- **Raw data**:
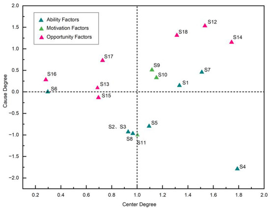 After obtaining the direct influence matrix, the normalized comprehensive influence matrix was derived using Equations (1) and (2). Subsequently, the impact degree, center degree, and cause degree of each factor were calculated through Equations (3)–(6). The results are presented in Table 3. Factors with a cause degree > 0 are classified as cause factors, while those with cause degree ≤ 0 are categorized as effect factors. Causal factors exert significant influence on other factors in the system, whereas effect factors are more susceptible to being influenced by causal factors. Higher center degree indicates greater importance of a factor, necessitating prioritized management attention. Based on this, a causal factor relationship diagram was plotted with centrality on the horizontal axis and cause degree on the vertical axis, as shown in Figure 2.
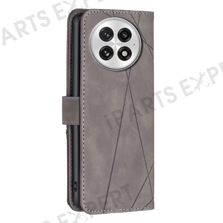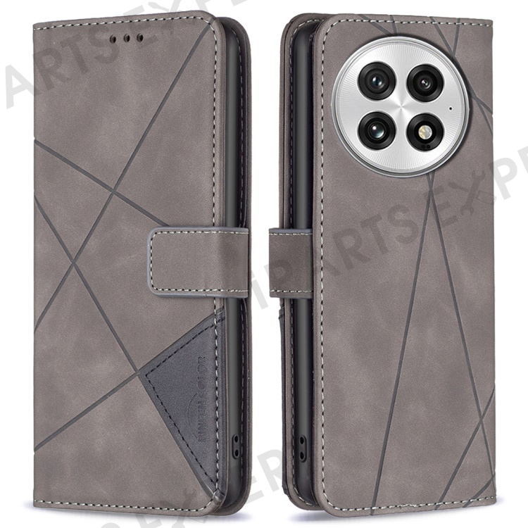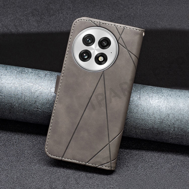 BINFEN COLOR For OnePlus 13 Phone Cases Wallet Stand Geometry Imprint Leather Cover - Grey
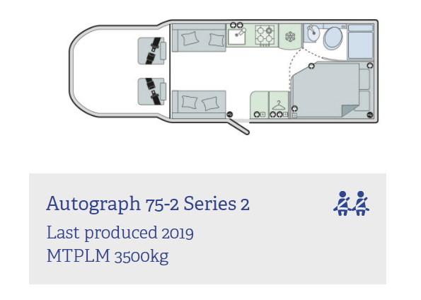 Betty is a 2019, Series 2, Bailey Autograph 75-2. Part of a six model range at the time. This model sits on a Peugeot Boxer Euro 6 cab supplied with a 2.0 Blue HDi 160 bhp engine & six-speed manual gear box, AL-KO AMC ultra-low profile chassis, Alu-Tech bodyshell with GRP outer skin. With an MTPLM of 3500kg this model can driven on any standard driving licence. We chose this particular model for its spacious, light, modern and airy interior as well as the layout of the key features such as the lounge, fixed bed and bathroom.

- **Requirement**:
Restate all of the material above word for word. Pictures do not belong in it.

- **Answer for the task**:
 After obtaining the direct influence matrix, the normalized comprehensive influence matrix was derived using Equations (1) and (2). Subsequently, the impact degree, center degree, and cause degree of each factor were calculated through Equations (3)–(6). The results are presented in Table 3. Factors with a cause degree > 0 are classified as cause factors, while those with cause degree ≤ 0 are categorized as effect factors. Causal factors exert significant influence on other factors in the system, whereas effect factors are more susceptible to being influenced by causal factors. Higher center degree indicates greater importance of a factor, necessitating prioritized management attention. Based on this, a causal factor relationship diagram was plotted with centrality on the horizontal axis and cause degree on the vertical axis, as shown in Figure 2.
 BINFEN COLOR For OnePlus 13 Phone Cases Wallet Stand Geometry Imprint Leather Cover - Grey
 Betty is a 2019, Series 2, Bailey Autograph 75-2. Part of a six model range at the time. This model sits on a Peugeot Boxer Euro 6 cab supplied with a 2.0 Blue HDi 160 bhp engine & six-speed manual gear box, AL-KO AMC ultra-low profile chassis, Alu-Tech bodyshell with GRP outer skin. With an MTPLM of 3500kg this model can driven on any standard driving licence. We chose this particular model for its spacious, light, modern and airy interior as well as the layout of the key features such as the lounge, fixed bed and bathroom.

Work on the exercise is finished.